Тарле писал: «Кутузову все-таки, по-видимому, казалось нужным что-то такое сделать, чтобы хоть на миг могло показаться, что за Москву ведется вооруженная борьба». Вдруг ни с того ни с сего, когда Милорадович отступал с арьергардом под жестоким давлением главных французских сил, 13 сентября приходит бумага от Ермолова. В этой бумаге, по повелению Кутузова, во-первых, сообщается, что Москва будет сдана, а, во-вторых, «Милорадовичу представляется почтить древнюю столицу видом сражения под стенами ее». «Это выражение взорвало Милорадовича, — говорит его приближенный и очевидец А.А. Щербинин. — Он признал его макиавеллистическим и отнес к изобретению собственно Ермолова. Если бы Милорадович завязал дело с массою сил наполеоновских и проиграл бы оное, как необходимо произошло бы, то его обвинили бы, сказав: "Мы вам предписали только маневр, только вид сражения"»[49].

13 сентября состоялся знаменитый совет в Филях, в избе крестьянина Севастьянова, жившего в ста метрах от Можайской дороги. Кутузов закончил Совет словами: «Вы боитесь отступления через Москву, а я смотрю на это как на провидение, ибо это спасет армию. Наполеон — как бурный поток, который мы еще не можем остановить. Москва будет губкой, которая его всосет». И фельдмаршал закончил совещание, встав и объявив: «Я приказываю отступление властью, данной мне государем и отечеством», — и вышел вон из избы.

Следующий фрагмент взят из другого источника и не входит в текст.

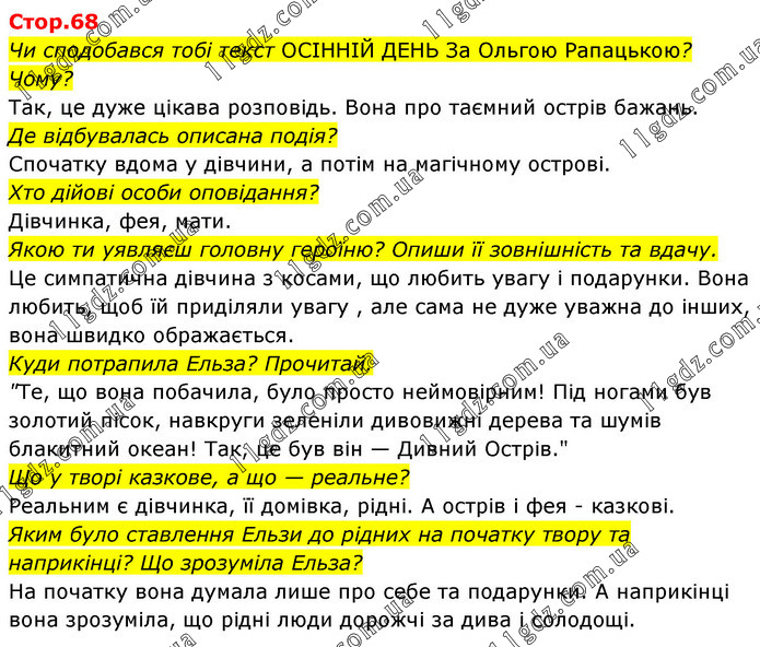 Чи сподобався тобі текст ОСІННІЙ ДЕНЬ За Ольгою Рапацькою? Чому? Так, це дуже цікава розповідь. Вона про таємний острів бажань. Де відбувалась описана подія? Спочатку вдома у дівчини, а потім на магічному острові. Хто дійові особи оповідання? Дівчинка, фея, мати. Якою ти уявляєш головну героїню? Опиши її зовнішність та вдачу. Це симпатична дівчина з косами, що любить увагу і подарунки. Вона любить, щоб їй приділяли увагу , але сама не дуже уважна до інших, вона швидко ображається. Куди потрапила Ельза? Прочитай. "Те, що вона побачила, було просто неймовірним! Під ногами був золотий пісок, навкруги зеленіли дивовижні дерева та шумів блакитний океан! Так, це був він — Дивний Острів." Що у творі казкове, а що — реальне? Реальним є дівчинка, її домівка, рідні. А острів і фея - казкові. Яким було ставлення Ельзи до рідних на початку твору та наприкінці? Що зрозуміла Ельза? На початку вона думала лише про себе та подарунки. А наприкінці вона зрозуміла, що рідні люди дорожчі за дива і солодощі.

Авангард русской армии 12 сентября остановился у Поклонной горы, в двух верстах от Дорогомиловской заставы. Из Москвы непрерывным потоком тянулись повозки и обозы, ехали и шли десятки тысяч жителей, спасаясь от «супостата». В Москве еще верили, что Кутузов готовит новую битву, поскольку мало кто знал о решении, принятом генералами в деревне Фили 13 сентября.

Барклай-де-Толли предлагал отступать к Владимиру. Были предложения отступать к Твери, чтобы перекрыть Наполеону путь на Петербург. Но Кутузов на совете в Филях решил отступить не на север, а на старую Калужскую дорогу.

Опять даю слово Ермолову: «В 10 часов вечера [13 сентября. — А.Ш.] армия должна была выходить двумя колоннами. Одна под командою генерал-адъютанта Уварова через заставу и Дорогомиловекий мост. При ней находился князь Кутузов. Другая колонна под начальством генерала Дохтурава проходила через Замоскворечье на Каменный мост. Обе колонны направлены через Рязанскую заставу. Переправы, тесные улицы, большие за армиею обозы, приближенные в ожидании сражения, резервная артиллерия и парки, и в то же время толпами спасающиеся жители Москвы до того затрудняли движение войск, что армия до самого полудни [14 сентября] не могла выйти из города»[50].

Замечу, что к полудню вышла не вся армия Кутузова, а лишь ее авангард. Если бы Наполеон захотел уничтожить армию противника, ему было достаточно послать разъезды легкой кавалерии, чтобы они подожгли город по периметру. Замечу, что Москва не была укреплена, и окраины ее почти не охранялись, так что французские кавалеристы могли сделать это без всякого противодействия противника. Французская артиллерия, действуя с Воробьевых гор и из Нескучного сада, доставала почти до Кремля. В места же большого скопления людей можно было послать поляков, говоривших по-русски и в русских мундирах. В результате вся армия Кутузова оказалась бы в огненном мешке.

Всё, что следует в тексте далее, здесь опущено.